Cells from thine medusa dedifferentiate, regressing from specialised cells to stem cells, then re-differentiate once again into relevant polyp cells. T’is the same flesh, the same tissue, merely a different order. Thine mesoglea, now stuffed up inside thee. Emerging once again as an immature medusa. A familiar form of a jellyfish. Well, many forms, many copies. Learn to like thine own company, it makes life much more enjoyable as one of a brood of clones.
Okay, technically this immortality is regeneration. Doctor Who is a Turritopsis dohrnii, you heard it here first. “Regeneration jellyfish” doesn’t sound as mystical, and Cnidaria are so often considered boring. We work with what we have. And what we have is Shakespeare and functional immortality. Public representation is important, so give half-truths whenever necessary, it makeththou more interesting and endears thee to the people. Scientific accuracy be damned.
So now, as an intriguing gelatinous blob, when things get bad, when thy environment sucks, thou can regress into polyphood be born anew and live again. Unless thou geteth eaten, no coming back from another organism’s digestive tract I’m afraid.
Do this right and scientist will sing your praises. Be mindful of this thing called time though, “time is a drug. Too much of it kills you.” Eventually.
Until next time wonderful reader. Have a nice day and have a great life.

For the curious
Cartwright, P. and Nawrocki, A. (2010). Character Evolution in Hydrozoa (phylum Cnidaria). Integrative and Comparative Biology, 50(3), pp.456-472. doi.org/10.1093/icb/icq089
Kubota, S. (2009) Turritopsis sp. (Hydrozoa, Anthomedusae) rejuvenated four times. Bulletin of the Biogeographical Society of Japan 64, 97–99).

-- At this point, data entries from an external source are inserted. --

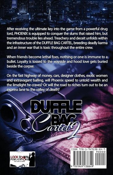 After receiving the ultimate key into the game from a powerful drug lord, PHOENIX is equipped to conquer the slums that raised him, but tremendous trouble lies ahead. Treachery and deceit unfolds within the infrastructure of the DUFFLE BAG CARTEL, breeding deadly karma and an inner war that is toxic throughout the entire crew. When friends become lethal foes, nothing or one is immune to a bullet. Loyalty is tossed to the wayside and hood love gets buried beside the corpse. On the fast highway of money, cars, designer clothes, exotic women and extravagant balling, will Phoenix speed to untold wealth and the limelight he craves? Or will the road to riches turn out to be an express lane to the valley of death?
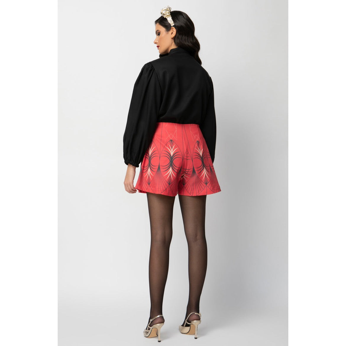 Hazel Shorts will become your butt's best friend this season! Made from a rich cotton blend, they are high-waisted and fitted at the hips, but flare generously at the leg for a mega-flattering silhouette (trust us!) and come in one of our fav prints this season, the Palmagic Red. Style yours with everything, from a plain pussy bow top, like our Katherine Top, to a white T-shirt for an everyday look, like our M+A Cotton T-Shirt.
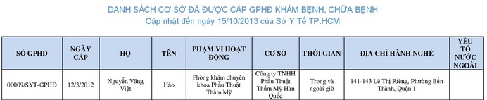 | Tên Thẩm mỹ Hàn Quốc JW trong danh sách các cơ sở thẩm mỹ được cấp phép hoạt động tại TP.HCM. |
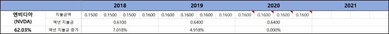 엔비디아 지불금액 보면 2019년부터는 늘리지 않더라구요. 그래도 안주는것보단 낫겠지요. 매출이 더 늘면 배당도 더 늘리겠죠!
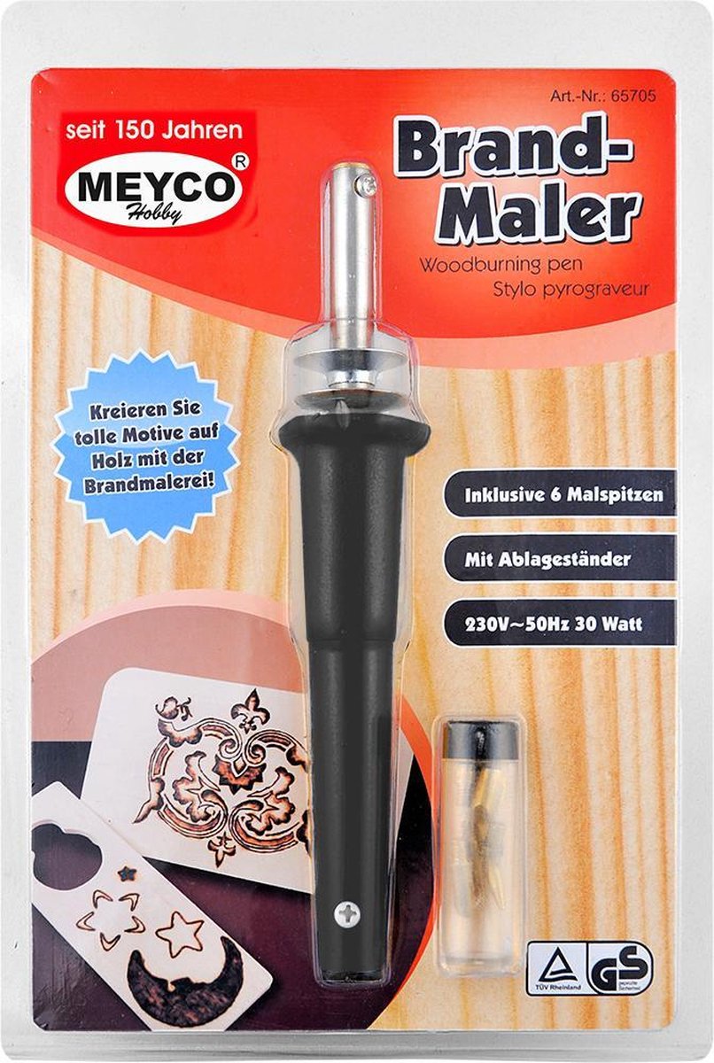 Maak kunst op hout met deze Meyco Hobby Houtbrander! U kunt met deze brander mooie patronen in hout branden. Wordt geleverd met 6 verschillende bitjes in een opbergkokertje Voorzien van een duitstalige beschrijving.
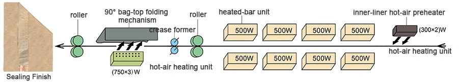 Esta máquina de dobragem superior e selagem com barra aquecida foi concebida para embalar sacos de papel de parede simples ou múltipla com revestimento interno em PE. Ela completa uma sequência de operações através de um controle programado, incluindo selagem térmica do revestimento interno, prensagem do revestimento, corte da parte superior do saco, formação da linha de vinco, dobragem superior, aplicação de uma fita de papel termofusível, compressão aquecida da fita e contagem de sacos. Um módulo de remoção de poeira da parte superior do saco pode ser adicionado quando necessário.
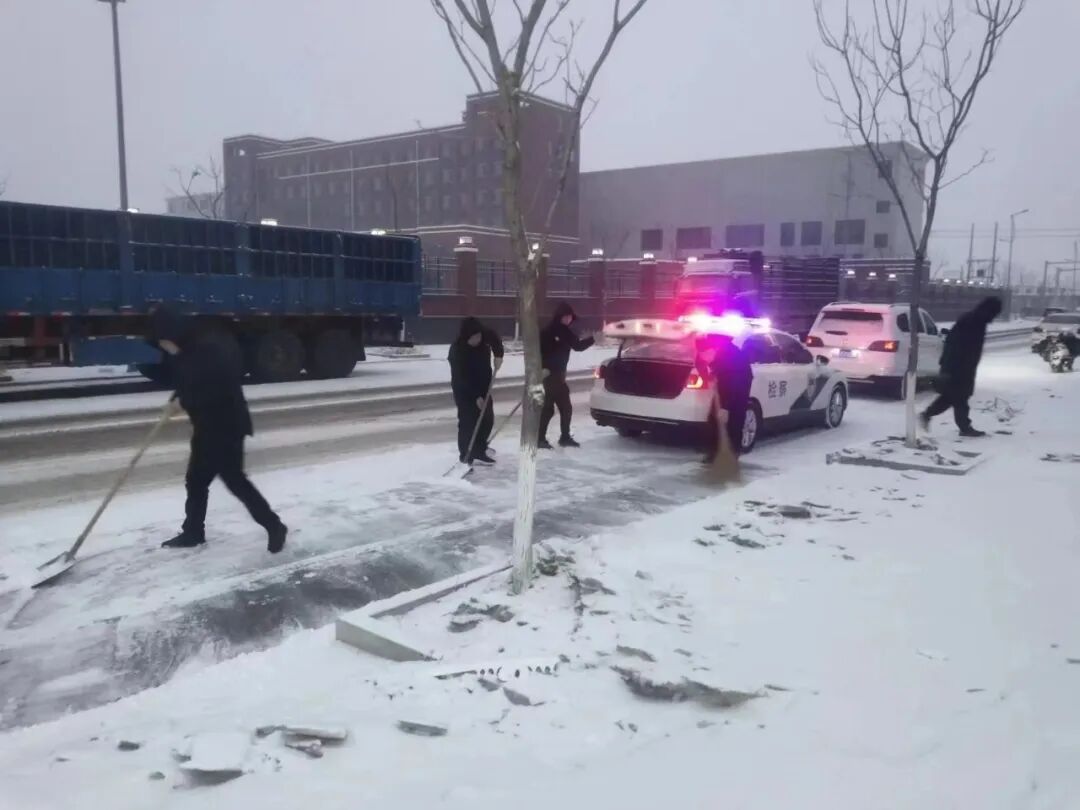 在元旦假日第一天的傍晚,院里接到县里的扫雪任务后,办公室干警和后勤临时人员即刻出发,对我院包保的街道和院内积雪进行清扫。天气寒冷,雪层很厚,大家拿着除雪铲、铁锹等除雪工具,分工有序、齐心协力、默契配合,纷纷投入到铲雪除冰行动中,全力清除机关大院和街道上的积雪和暗冰,忙碌的身影在皑皑白雪的映衬下勾勒出一道亮丽的风景线。这场大雪在2023年只留下淡淡的痕迹,但期年之后会幻化成不灭的记忆。

L. Martell, S. Piraino, C. Gravili & F. Boero (2016) Life cycle, morphology and medusa ontogenesis of Turritopsis dohrnii (Cnidaria: Hydrozoa), Italian Journal of Zoology, 83:3, 390-399, DOI: 10.1080/11250003.2016.1203034
Piraino, S. et al. (2004) Reverse development in Cnidaria. Canadian Journal of Zoology 82(11), 1748–1754
Schmich, J., Kraus, Y., De Vito, D., Graziussi, D., Boero, F. and Piraino, S., 2003. Induction of reverse development in two marine Hydrozoans. International Journal of Developmental Biology, 51(1), pp.45-56. doi: 10.1387/ijdb.062152js
Schmid, V. et al. (1982) Transdifferentiation and regeneration in vitro. Developmental Biology 92(2), 476–488.